Sand scoured his face as he stood motionless, caught in his own thoughts, a minor pain that would have left many of the people Maes worked with wish to leave the area immediately.

For him, and for Roy, and the others that had served during the Ishvallan campaign, the sand brought memories that most would rather leave buried. The sand itself was a mere physical pain, easily dismissed. The inner pain of the memories, though – it was not so easily ignored.

Perhaps it should not have been so. It would be easier, now, if this was fact. But it would mean that the soldiers were truly the dogs of the military if it were so.

Dogs didn't complain if they felt emotional pain.

Men suffered greatly from it, but attempted to remain stoic. Or so Maes saw it. You got to know the signs of it quite well after a few weeks of feeling the same, you see.

Maes took a few steps forward, military-issue boots sinking into the liquid solidity of the sand. It wasn't the first time he'd found himself wishing for solid ground. The desert dunes sought to mire the foreigners in her grip, almost as if she held them back from causing her people more harm.

Nothing came easy in this place. Water was a rarity, and never to be wasted. Roads were forever lost to all but those who traveled them frequently. Finding a city required more knowledge than most Amestrians possessed. And even then, it was impossible to find the people who had once lived here.

They had flourished here, somehow. In the impossible landscape, it seemed a miracle that anyone could do so, let alone an entire culture, but they had done it. Ishvallans, they were called, the People of Ishvalla. Their belief system would have been hard to describe for even an ethnographer, but Maes knew that much from his research into the society. Apparently they were the chosen people of their god, who had promised them salvation if they followed the teaching s/he set for them.

Maes was unsure of Ishvalla's assumed gender, like many Amestrians.

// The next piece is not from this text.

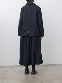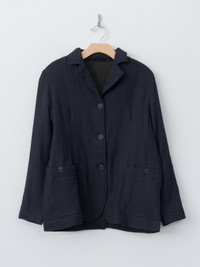 The Val Jacket is a three-button tailored style featuring a notched lapel and a softly structured silhouette. Crafted from lightweight Fosca virgin wool gauze, it offers warmth and comfort without added weight. Details include front patch pockets with button closures, corozo button front, curved front hem, back vent, and wool lining. - Made in France - 100% Virgin Wool, Lining: 100% Virgin Wool - Available in Blue (navy) - Coordinating item with Up Up Skirt FOSCA - The model is 5'7"/170 cm and wears size S

He had known even less when he had been sent here for the first time, green as the grass he'd left behind in East City. None of the new recruits had known anything of Ishvallans prior to their posts, not really. All they'd been told was that they were being sent to repress the rebellion, and that anyone with brown-white hair and red eyes was not to be trusted.

The cadets had been naïve of the ways of war, hadn't really known what to expect. The stories told from Headquarters were fantastical in nature, he discovered. In less than a month, Maes had wondered idly why he'd ever believed them. Six weeks in to the rebellion, he began to doubt the brass's orders, especially the motives behind them. Did no one else see that the Ishvallans were people, not so different from the Amestrians, and not rats to be eradicated?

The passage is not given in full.